| About this task |
Starting with the line with "Dịch vụ sửa nhà quận" in the entries below and going on through the line with "Desde la Secretaría", output every line exactly and nothing more. No pictures.

| Data for review |
——————————
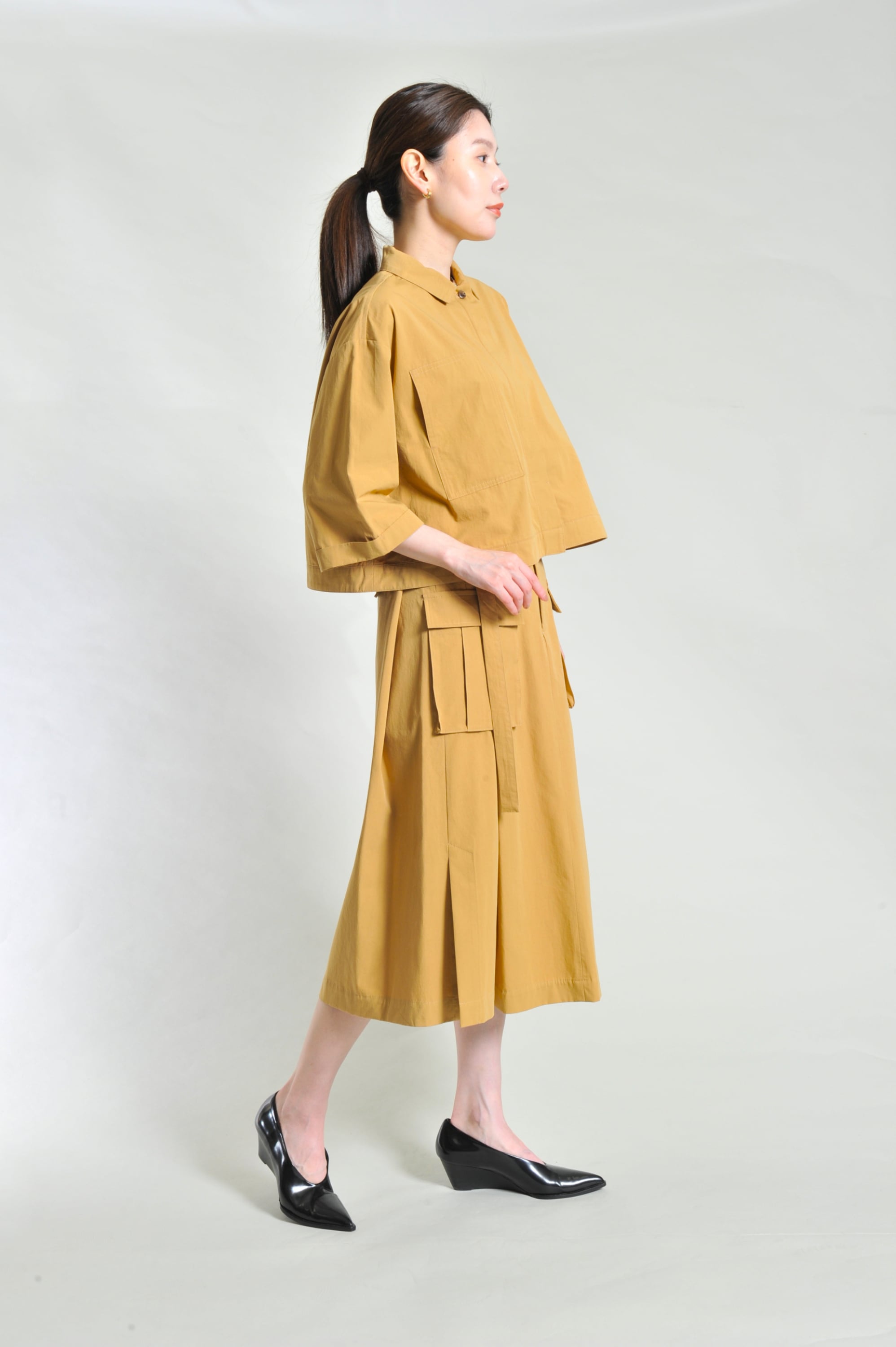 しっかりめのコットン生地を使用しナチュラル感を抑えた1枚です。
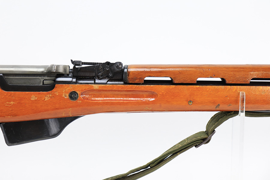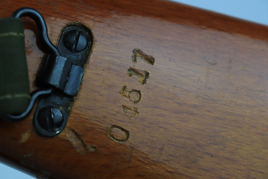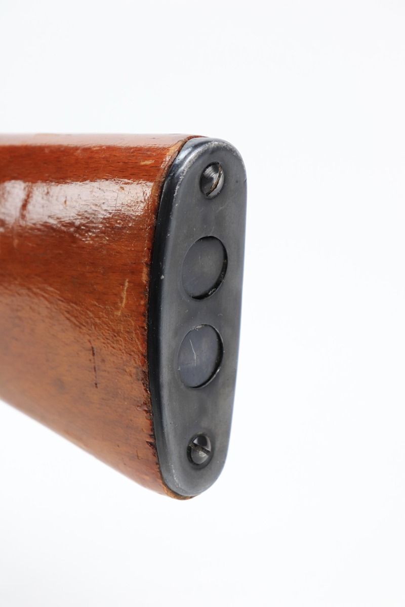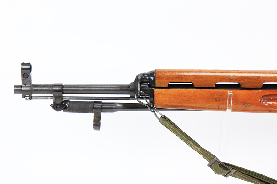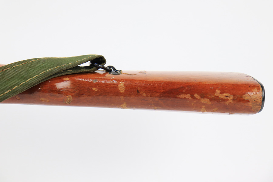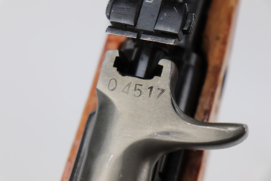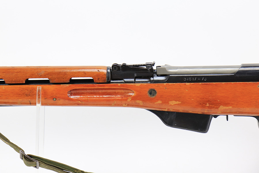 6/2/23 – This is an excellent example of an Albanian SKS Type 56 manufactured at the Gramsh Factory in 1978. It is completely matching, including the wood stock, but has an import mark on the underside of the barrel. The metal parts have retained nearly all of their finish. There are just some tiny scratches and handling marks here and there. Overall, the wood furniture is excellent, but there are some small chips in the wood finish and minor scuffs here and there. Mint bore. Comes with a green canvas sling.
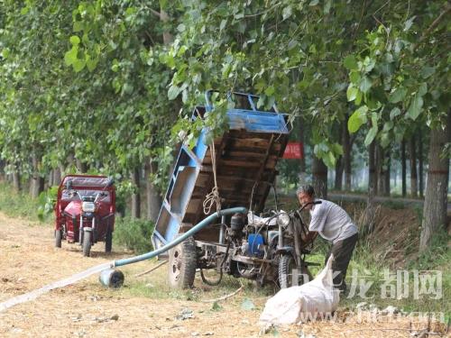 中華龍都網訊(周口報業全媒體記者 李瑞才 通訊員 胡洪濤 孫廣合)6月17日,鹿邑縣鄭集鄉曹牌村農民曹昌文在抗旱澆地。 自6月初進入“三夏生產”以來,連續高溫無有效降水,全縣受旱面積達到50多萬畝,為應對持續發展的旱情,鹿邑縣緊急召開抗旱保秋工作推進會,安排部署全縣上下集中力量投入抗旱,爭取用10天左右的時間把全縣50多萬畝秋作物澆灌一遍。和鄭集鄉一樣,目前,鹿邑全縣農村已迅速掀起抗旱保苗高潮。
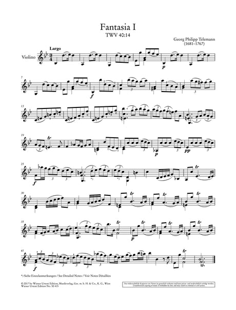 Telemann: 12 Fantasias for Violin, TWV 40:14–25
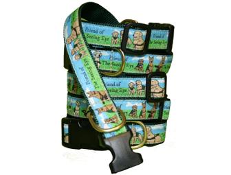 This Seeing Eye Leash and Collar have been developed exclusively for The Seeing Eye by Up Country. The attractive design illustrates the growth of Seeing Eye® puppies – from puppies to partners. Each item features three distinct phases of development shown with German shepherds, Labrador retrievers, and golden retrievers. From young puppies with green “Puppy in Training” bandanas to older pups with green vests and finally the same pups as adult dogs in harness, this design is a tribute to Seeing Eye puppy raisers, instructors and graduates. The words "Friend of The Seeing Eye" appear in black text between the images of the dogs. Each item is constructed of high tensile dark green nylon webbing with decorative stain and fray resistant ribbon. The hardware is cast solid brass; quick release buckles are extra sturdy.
——————————
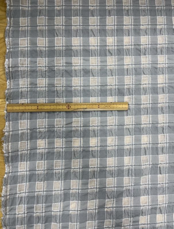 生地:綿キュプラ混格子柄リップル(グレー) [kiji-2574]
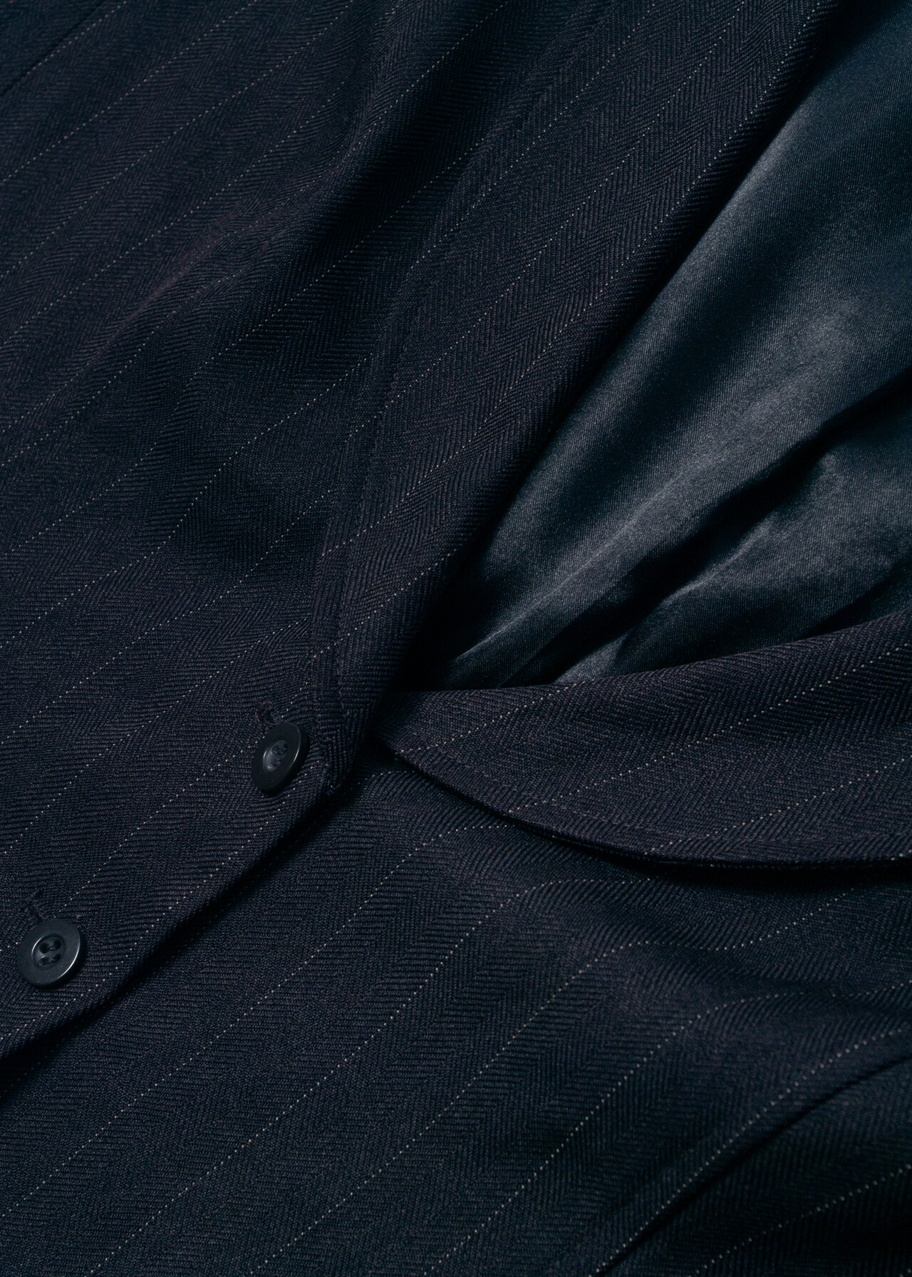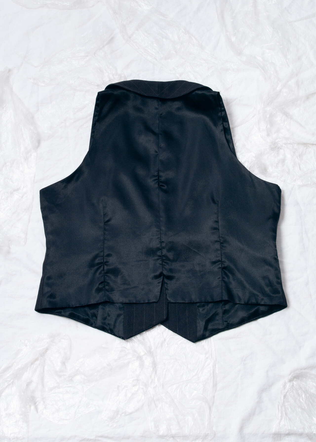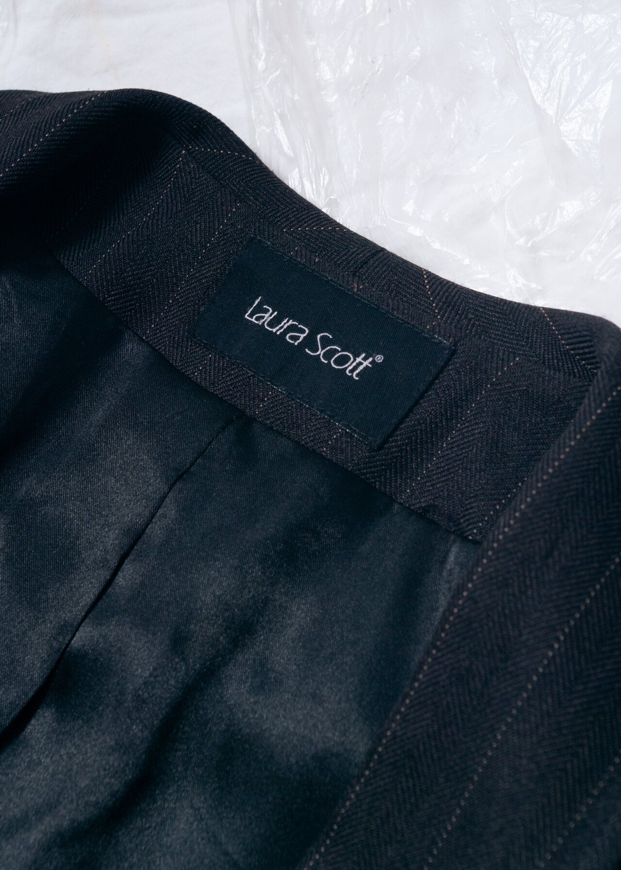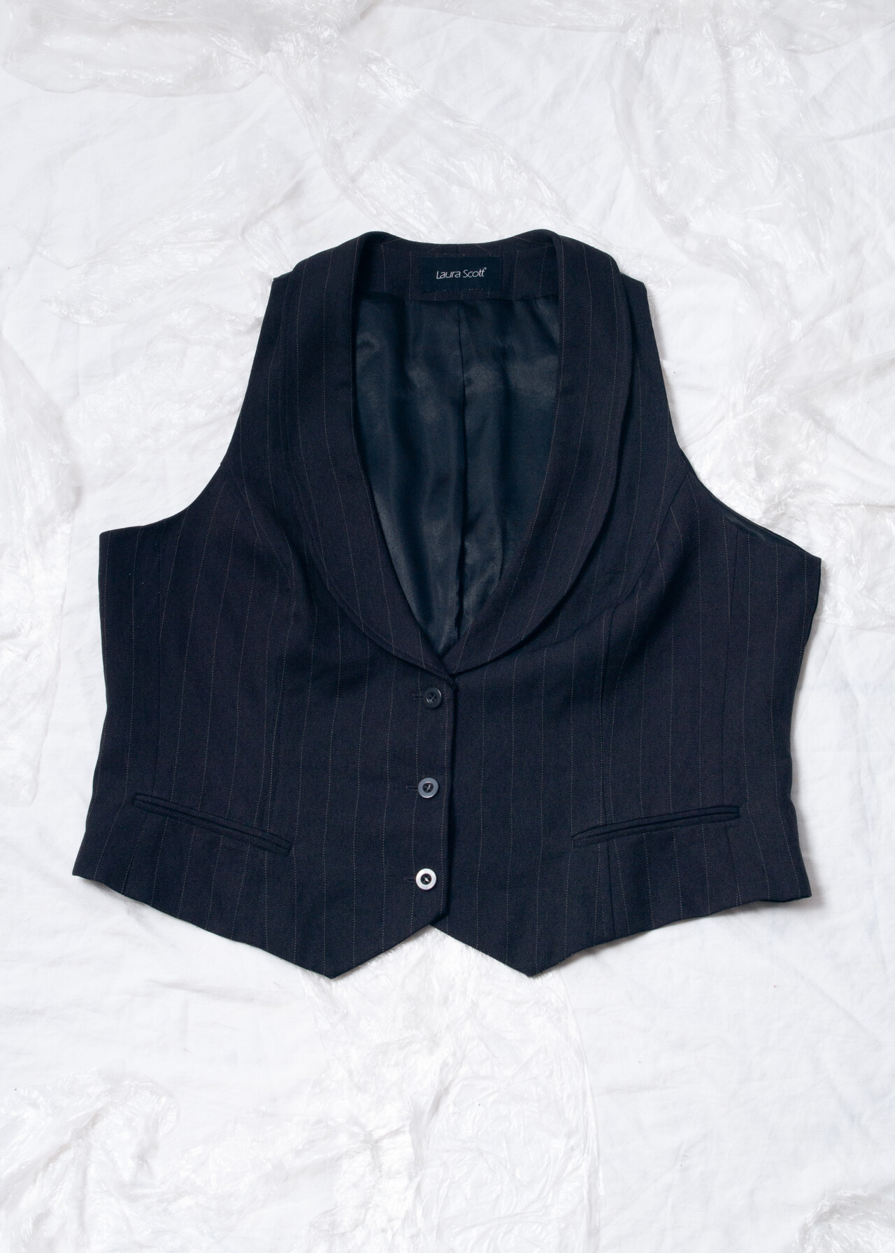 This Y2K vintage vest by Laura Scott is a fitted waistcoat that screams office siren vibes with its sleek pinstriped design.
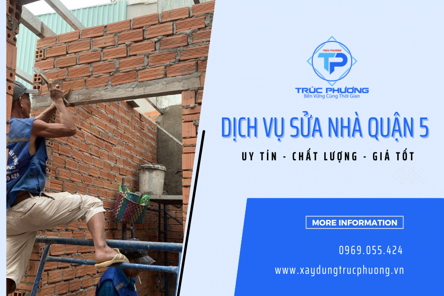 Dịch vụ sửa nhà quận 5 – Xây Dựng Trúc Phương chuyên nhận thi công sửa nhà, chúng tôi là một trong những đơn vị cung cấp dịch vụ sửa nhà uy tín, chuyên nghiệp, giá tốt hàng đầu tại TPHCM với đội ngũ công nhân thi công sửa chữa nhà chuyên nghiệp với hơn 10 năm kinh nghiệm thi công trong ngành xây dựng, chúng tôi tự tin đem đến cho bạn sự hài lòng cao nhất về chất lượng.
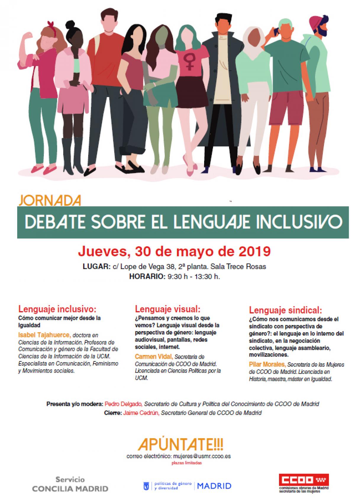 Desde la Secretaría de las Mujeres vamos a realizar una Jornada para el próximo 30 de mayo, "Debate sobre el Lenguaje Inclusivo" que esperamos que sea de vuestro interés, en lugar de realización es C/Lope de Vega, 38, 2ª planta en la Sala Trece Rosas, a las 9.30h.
——————————
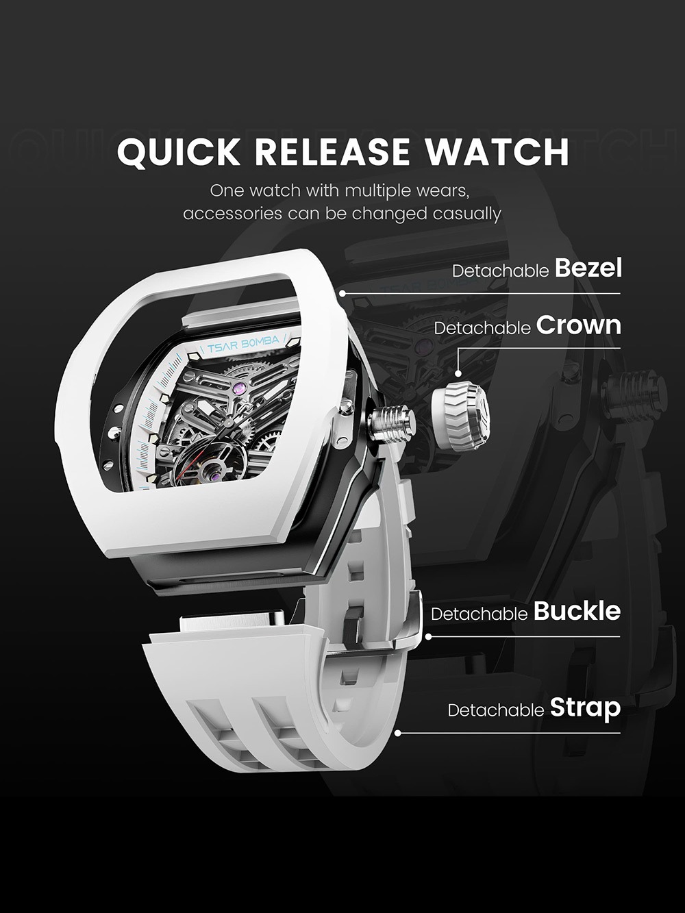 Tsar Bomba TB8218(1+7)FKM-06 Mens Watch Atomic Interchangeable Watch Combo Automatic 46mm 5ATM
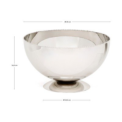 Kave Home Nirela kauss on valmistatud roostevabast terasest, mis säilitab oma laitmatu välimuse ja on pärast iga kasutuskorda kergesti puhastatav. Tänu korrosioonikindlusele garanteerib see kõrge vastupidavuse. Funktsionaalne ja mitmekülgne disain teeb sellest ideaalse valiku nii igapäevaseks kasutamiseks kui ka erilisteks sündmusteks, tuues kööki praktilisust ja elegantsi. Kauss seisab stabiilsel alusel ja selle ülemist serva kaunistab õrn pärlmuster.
——————————
| Your solution |
 Dịch vụ sửa nhà quận 5 – Xây Dựng Trúc Phương chuyên nhận thi công sửa nhà, chúng tôi là một trong những đơn vị cung cấp dịch vụ sửa nhà uy tín, chuyên nghiệp, giá tốt hàng đầu tại TPHCM với đội ngũ công nhân thi công sửa chữa nhà chuyên nghiệp với hơn 10 năm kinh nghiệm thi công trong ngành xây dựng, chúng tôi tự tin đem đến cho bạn sự hài lòng cao nhất về chất lượng.
 Desde la Secretaría de las Mujeres vamos a realizar una Jornada para el próximo 30 de mayo, "Debate sobre el Lenguaje Inclusivo" que esperamos que sea de vuestro interés, en lugar de realización es C/Lope de Vega, 38, 2ª planta en la Sala Trece Rosas, a las 9.30h.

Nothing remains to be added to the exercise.